Felix Kühling fxkuehl at gmx.de
Thu Mar 16 17:42:42 PST 2006


Hi Keith,

I have some more thoughts and questions about your proposed DMA
scheduler.

It's not clear to me whether you're planning to do this for a specific
driver or whether you're thinking of a device-independent scheduler that
uses some device-specific hooks.

You outlined some data structure that applications would pass to the
scheduler. If the scheduler is going to be hardware independent, that
structure should be opaque to the scheduler and the internals should be
handled by hardware-specific code. The following is my idea of how this
would be done.

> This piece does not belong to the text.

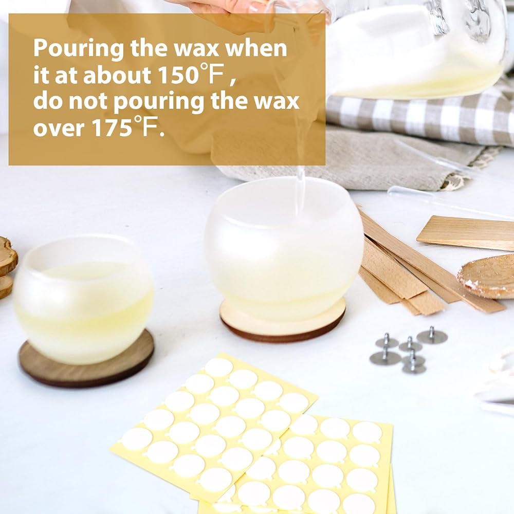 【Easy to Use】The little tab that extends beyond the top layer make it easier to remove. Place the candle wick stickers on the bottom of the wick and adhere your wick to the bottom of the jar. Put it for two hours and then pour wax water (The temperature of wax water should not exceed 175℉).

Is that more or less what you're having in mind or am I
way off here: The driver would build some opaque scheduler atom and
queue it up to be scheduled on behalf of a process. It would attach some
meta-data to the atom that contains the necessary data for the scheduler
to make informed scheduling decisions. When a command atom is due to be
submitted to the hardware, the scheduler invokes a hardware-specific
hook provided by the driver that would extract the hardware-specific
commands and data and submit them to the hardware.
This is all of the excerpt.